__RECORDS__.

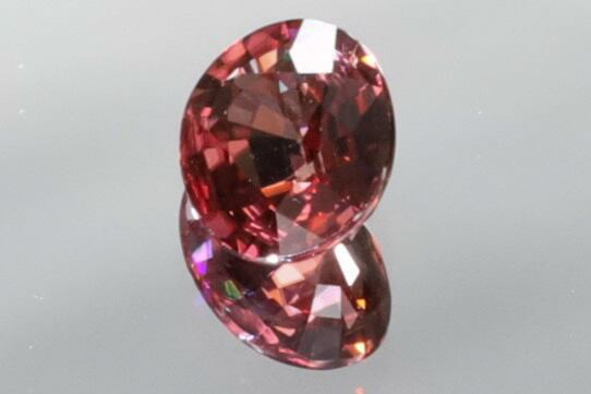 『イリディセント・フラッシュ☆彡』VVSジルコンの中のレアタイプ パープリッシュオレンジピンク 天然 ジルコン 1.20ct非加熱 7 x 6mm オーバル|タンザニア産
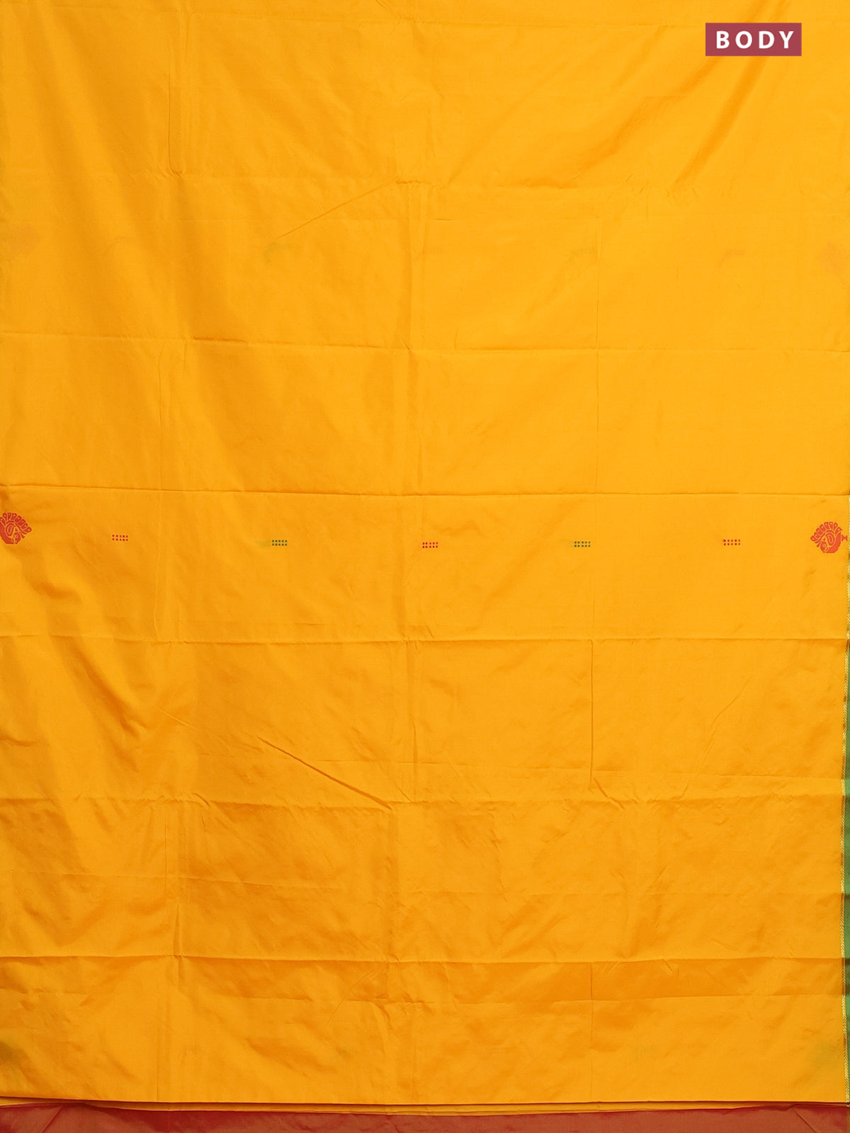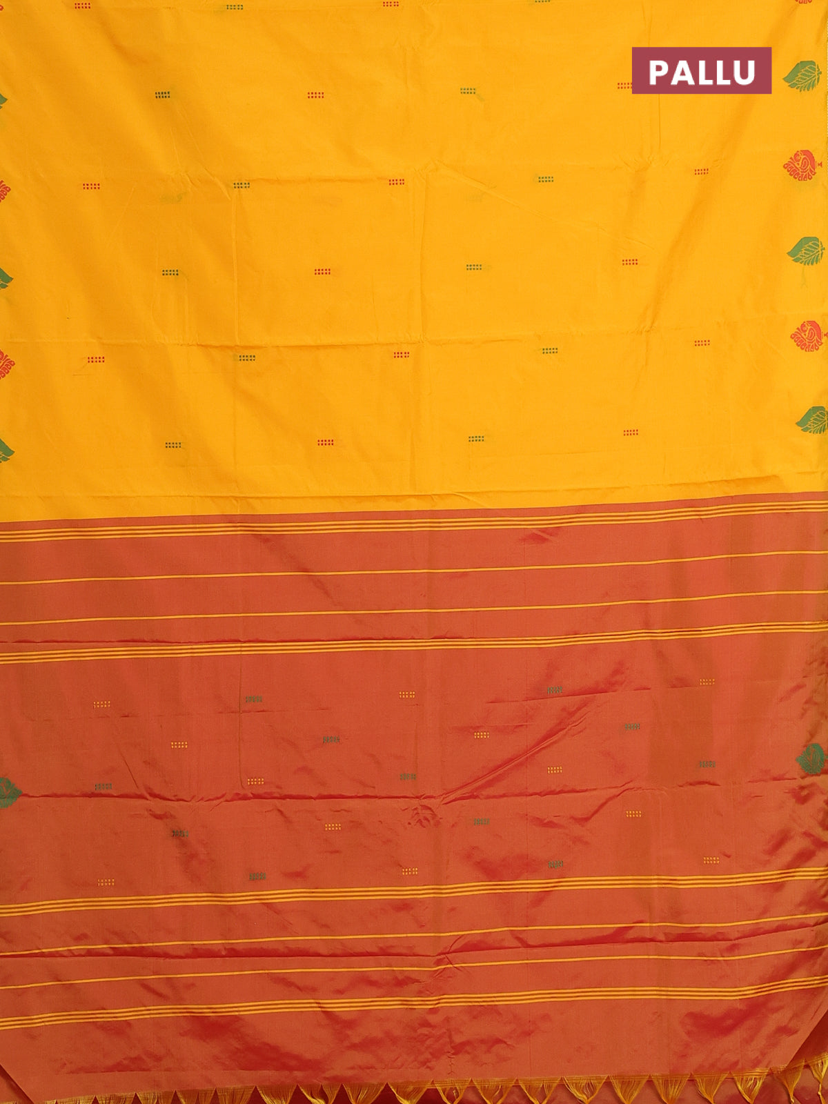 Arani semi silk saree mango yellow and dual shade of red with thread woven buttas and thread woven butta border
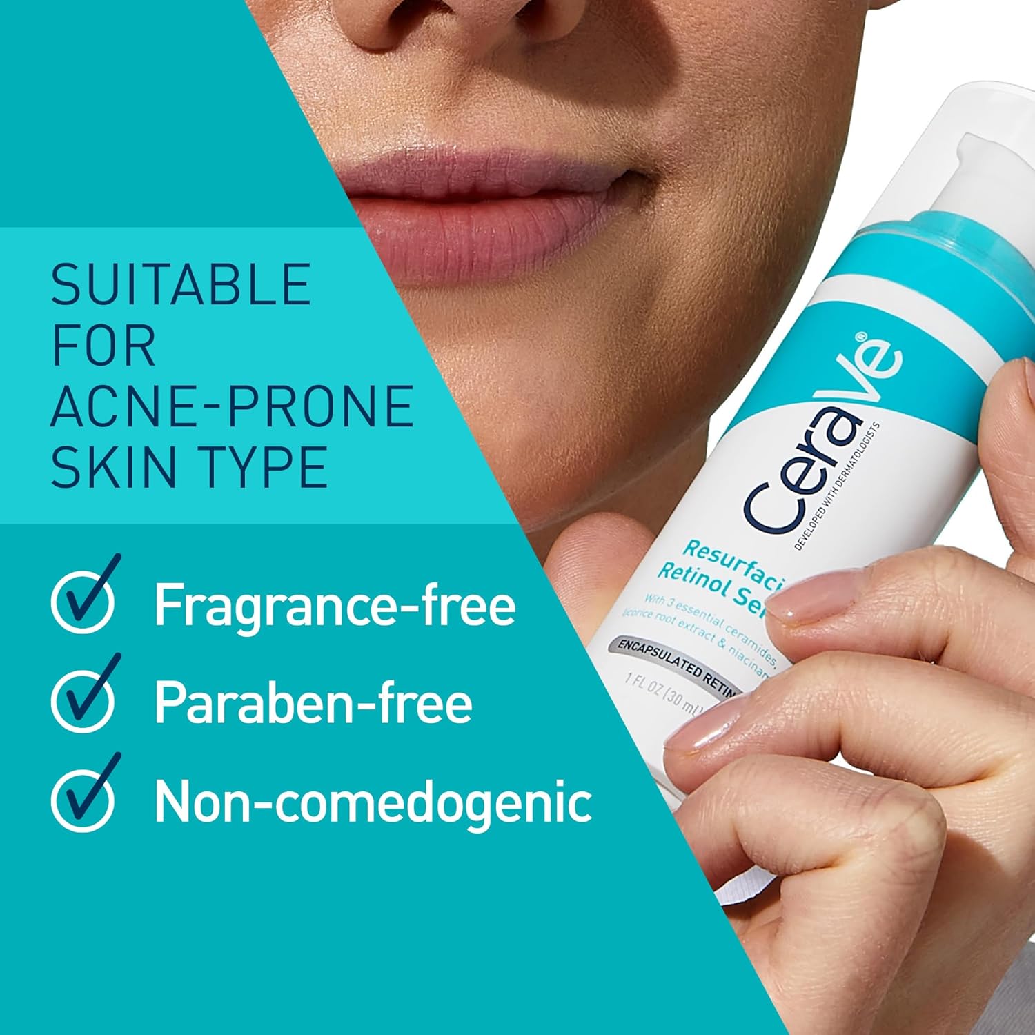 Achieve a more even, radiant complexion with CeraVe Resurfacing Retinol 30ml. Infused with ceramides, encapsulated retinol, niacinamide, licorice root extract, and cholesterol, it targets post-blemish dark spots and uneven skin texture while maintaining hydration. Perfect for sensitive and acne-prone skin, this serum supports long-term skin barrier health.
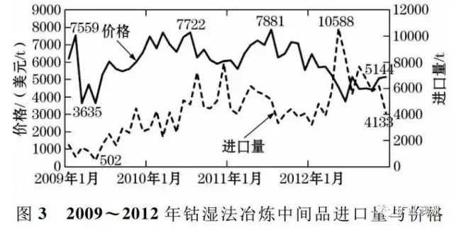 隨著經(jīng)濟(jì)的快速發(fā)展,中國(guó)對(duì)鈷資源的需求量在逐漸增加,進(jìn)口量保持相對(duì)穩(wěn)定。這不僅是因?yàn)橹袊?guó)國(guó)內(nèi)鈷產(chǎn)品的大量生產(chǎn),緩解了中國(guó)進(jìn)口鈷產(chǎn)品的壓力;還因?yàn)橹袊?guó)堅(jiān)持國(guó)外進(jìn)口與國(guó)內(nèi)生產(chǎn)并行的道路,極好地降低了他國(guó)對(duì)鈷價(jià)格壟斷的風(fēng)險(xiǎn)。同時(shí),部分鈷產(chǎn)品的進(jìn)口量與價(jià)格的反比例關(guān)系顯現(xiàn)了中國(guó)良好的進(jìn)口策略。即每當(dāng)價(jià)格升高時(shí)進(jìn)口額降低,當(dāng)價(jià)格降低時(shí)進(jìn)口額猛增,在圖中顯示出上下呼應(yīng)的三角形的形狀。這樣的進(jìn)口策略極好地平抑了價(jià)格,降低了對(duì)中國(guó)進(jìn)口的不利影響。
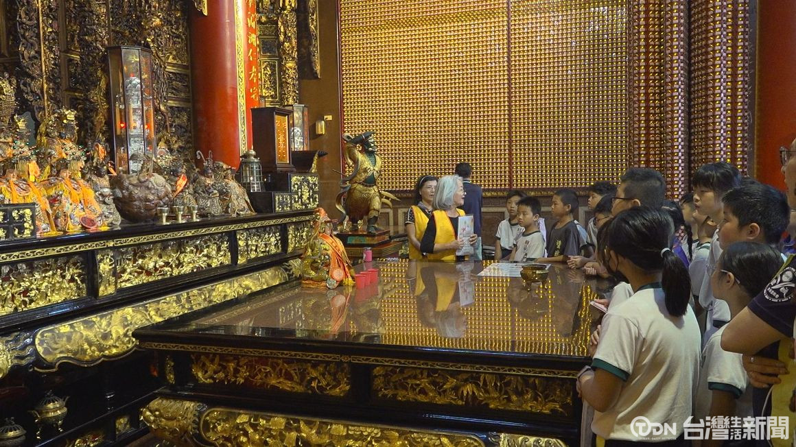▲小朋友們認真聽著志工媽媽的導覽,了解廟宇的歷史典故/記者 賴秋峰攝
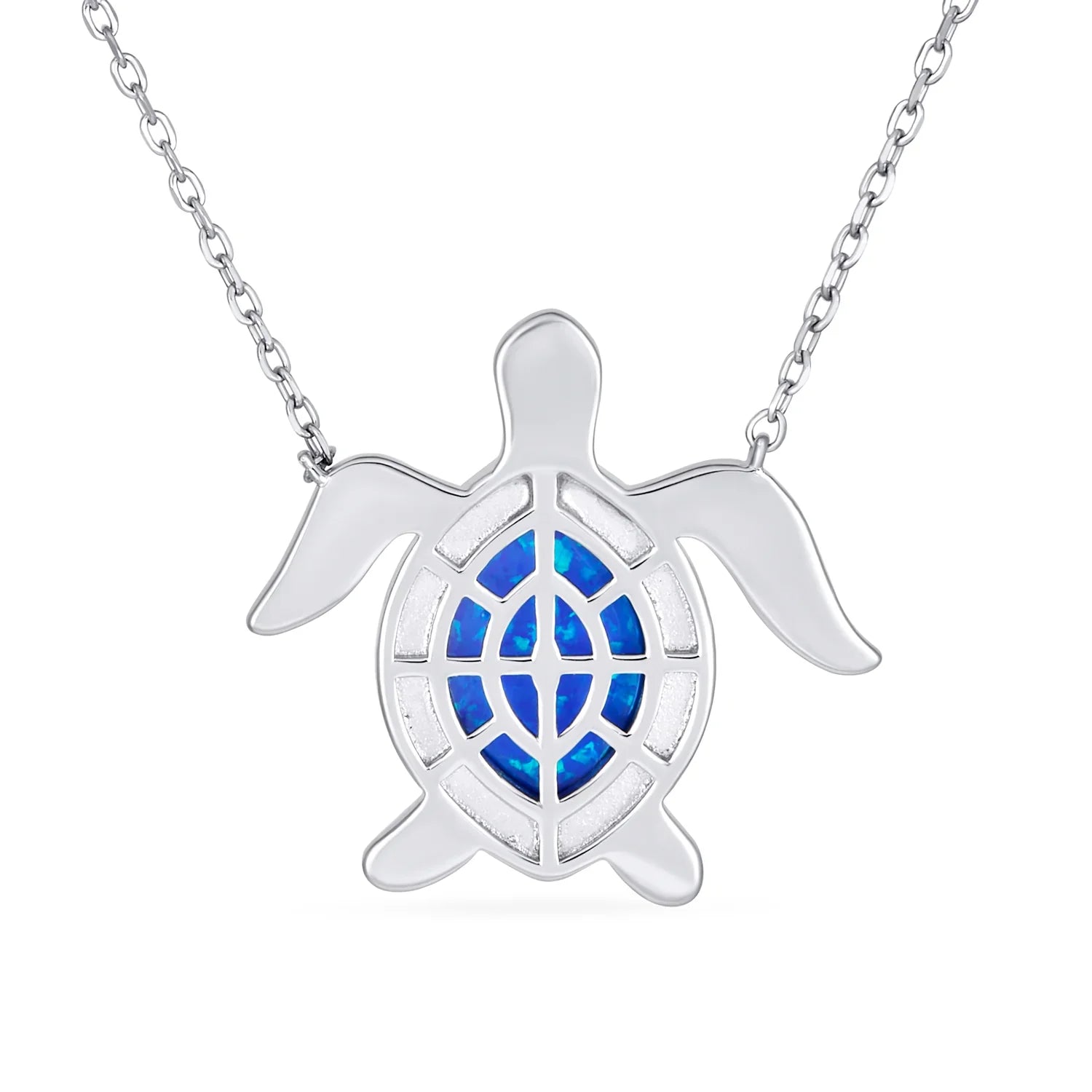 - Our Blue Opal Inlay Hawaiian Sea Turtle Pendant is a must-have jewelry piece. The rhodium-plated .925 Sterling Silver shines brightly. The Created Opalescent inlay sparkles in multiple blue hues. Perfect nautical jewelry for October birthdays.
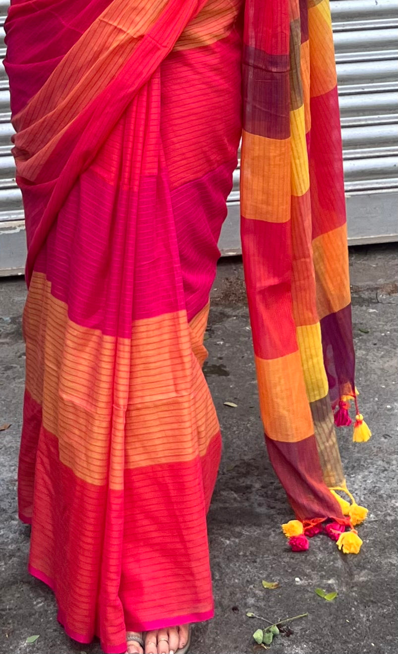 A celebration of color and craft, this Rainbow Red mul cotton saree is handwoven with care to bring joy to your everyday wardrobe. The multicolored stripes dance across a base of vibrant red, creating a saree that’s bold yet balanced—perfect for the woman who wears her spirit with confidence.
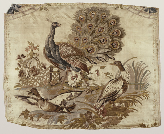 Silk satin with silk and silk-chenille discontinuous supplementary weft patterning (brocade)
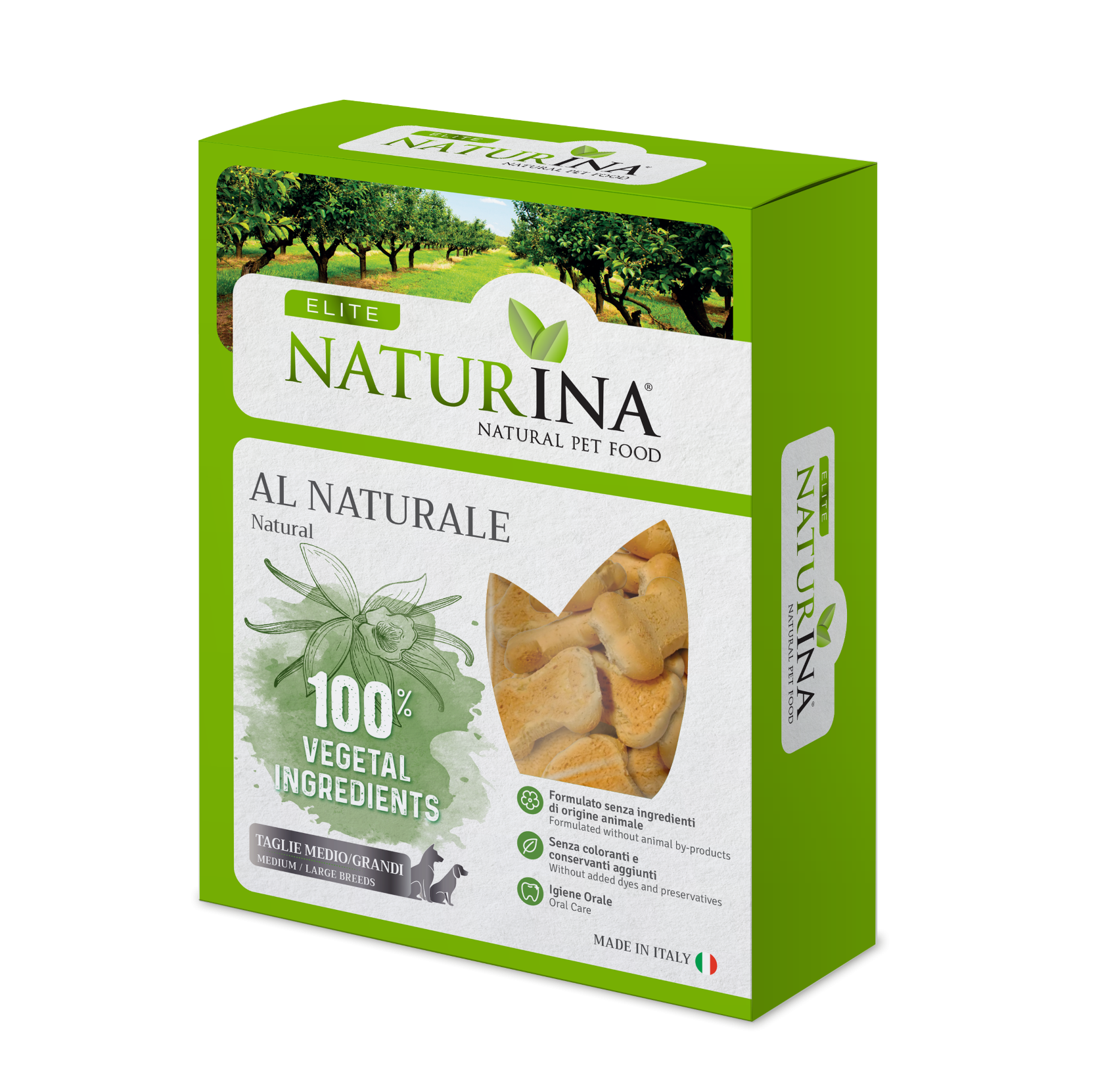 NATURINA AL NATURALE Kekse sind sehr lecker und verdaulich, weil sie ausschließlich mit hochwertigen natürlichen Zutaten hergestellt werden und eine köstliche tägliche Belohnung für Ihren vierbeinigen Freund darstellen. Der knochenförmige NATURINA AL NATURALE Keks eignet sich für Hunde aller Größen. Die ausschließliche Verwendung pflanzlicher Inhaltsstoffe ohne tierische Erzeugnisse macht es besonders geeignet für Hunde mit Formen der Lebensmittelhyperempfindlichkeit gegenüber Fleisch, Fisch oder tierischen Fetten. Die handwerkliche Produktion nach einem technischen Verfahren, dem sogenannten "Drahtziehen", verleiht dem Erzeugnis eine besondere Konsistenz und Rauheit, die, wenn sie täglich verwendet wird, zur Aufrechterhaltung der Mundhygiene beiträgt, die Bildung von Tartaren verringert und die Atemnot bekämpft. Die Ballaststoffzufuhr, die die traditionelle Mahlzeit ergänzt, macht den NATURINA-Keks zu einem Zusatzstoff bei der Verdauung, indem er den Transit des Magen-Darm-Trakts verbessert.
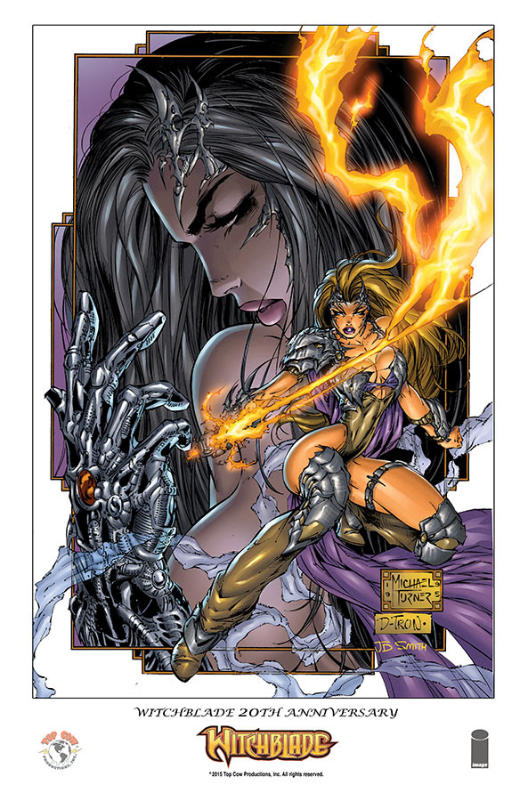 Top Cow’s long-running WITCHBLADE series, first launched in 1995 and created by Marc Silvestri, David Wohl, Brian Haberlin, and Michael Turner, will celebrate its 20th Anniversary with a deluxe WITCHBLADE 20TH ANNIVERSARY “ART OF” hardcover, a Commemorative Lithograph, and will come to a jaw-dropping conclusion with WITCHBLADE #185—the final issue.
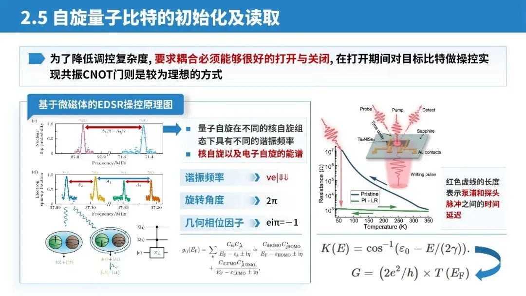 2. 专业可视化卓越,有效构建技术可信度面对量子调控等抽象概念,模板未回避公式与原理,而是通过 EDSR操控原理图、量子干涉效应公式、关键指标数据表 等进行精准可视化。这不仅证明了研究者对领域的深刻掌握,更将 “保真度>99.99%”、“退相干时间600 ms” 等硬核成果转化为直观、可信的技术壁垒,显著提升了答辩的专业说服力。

__THE TASK__. Would you restate the listing word for word without its pictures?

__SOLUTION FOR THIS EXERCISE__.
 『イリディセント・フラッシュ☆彡』VVSジルコンの中のレアタイプ パープリッシュオレンジピンク 天然 ジルコン 1.20ct非加熱 7 x 6mm オーバル|タンザニア産
 Arani semi silk saree mango yellow and dual shade of red with thread woven buttas and thread woven butta border
 Achieve a more even, radiant complexion with CeraVe Resurfacing Retinol 30ml. Infused with ceramides, encapsulated retinol, niacinamide, licorice root extract, and cholesterol, it targets post-blemish dark spots and uneven skin texture while maintaining hydration. Perfect for sensitive and acne-prone skin, this serum supports long-term skin barrier health.
 隨著經(jīng)濟(jì)的快速發(fā)展,中國(guó)對(duì)鈷資源的需求量在逐漸增加,進(jìn)口量保持相對(duì)穩(wěn)定。這不僅是因?yàn)橹袊?guó)國(guó)內(nèi)鈷產(chǎn)品的大量生產(chǎn),緩解了中國(guó)進(jìn)口鈷產(chǎn)品的壓力;還因?yàn)橹袊?guó)堅(jiān)持國(guó)外進(jìn)口與國(guó)內(nèi)生產(chǎn)并行的道路,極好地降低了他國(guó)對(duì)鈷價(jià)格壟斷的風(fēng)險(xiǎn)。同時(shí),部分鈷產(chǎn)品的進(jìn)口量與價(jià)格的反比例關(guān)系顯現(xiàn)了中國(guó)良好的進(jìn)口策略。即每當(dāng)價(jià)格升高時(shí)進(jìn)口額降低,當(dāng)價(jià)格降低時(shí)進(jìn)口額猛增,在圖中顯示出上下呼應(yīng)的三角形的形狀。這樣的進(jìn)口策略極好地平抑了價(jià)格,降低了對(duì)中國(guó)進(jìn)口的不利影響。
▲小朋友們認真聽著志工媽媽的導覽,了解廟宇的歷史典故/記者 賴秋峰攝
 - Our Blue Opal Inlay Hawaiian Sea Turtle Pendant is a must-have jewelry piece. The rhodium-plated .925 Sterling Silver shines brightly. The Created Opalescent inlay sparkles in multiple blue hues. Perfect nautical jewelry for October birthdays.
 A celebration of color and craft, this Rainbow Red mul cotton saree is handwoven with care to bring joy to your everyday wardrobe. The multicolored stripes dance across a base of vibrant red, creating a saree that’s bold yet balanced—perfect for the woman who wears her spirit with confidence.
 Silk satin with silk and silk-chenille discontinuous supplementary weft patterning (brocade)
 NATURINA AL NATURALE Kekse sind sehr lecker und verdaulich, weil sie ausschließlich mit hochwertigen natürlichen Zutaten hergestellt werden und eine köstliche tägliche Belohnung für Ihren vierbeinigen Freund darstellen. Der knochenförmige NATURINA AL NATURALE Keks eignet sich für Hunde aller Größen. Die ausschließliche Verwendung pflanzlicher Inhaltsstoffe ohne tierische Erzeugnisse macht es besonders geeignet für Hunde mit Formen der Lebensmittelhyperempfindlichkeit gegenüber Fleisch, Fisch oder tierischen Fetten. Die handwerkliche Produktion nach einem technischen Verfahren, dem sogenannten "Drahtziehen", verleiht dem Erzeugnis eine besondere Konsistenz und Rauheit, die, wenn sie täglich verwendet wird, zur Aufrechterhaltung der Mundhygiene beiträgt, die Bildung von Tartaren verringert und die Atemnot bekämpft. Die Ballaststoffzufuhr, die die traditionelle Mahlzeit ergänzt, macht den NATURINA-Keks zu einem Zusatzstoff bei der Verdauung, indem er den Transit des Magen-Darm-Trakts verbessert.
 Top Cow’s long-running WITCHBLADE series, first launched in 1995 and created by Marc Silvestri, David Wohl, Brian Haberlin, and Michael Turner, will celebrate its 20th Anniversary with a deluxe WITCHBLADE 20TH ANNIVERSARY “ART OF” hardcover, a Commemorative Lithograph, and will come to a jaw-dropping conclusion with WITCHBLADE #185—the final issue.
 2. 专业可视化卓越,有效构建技术可信度面对量子调控等抽象概念,模板未回避公式与原理,而是通过 EDSR操控原理图、量子干涉效应公式、关键指标数据表 等进行精准可视化。这不仅证明了研究者对领域的深刻掌握,更将 “保真度>99.99%”、“退相干时间600 ms” 等硬核成果转化为直观、可信的技术壁垒,显著提升了答辩的专业说服力。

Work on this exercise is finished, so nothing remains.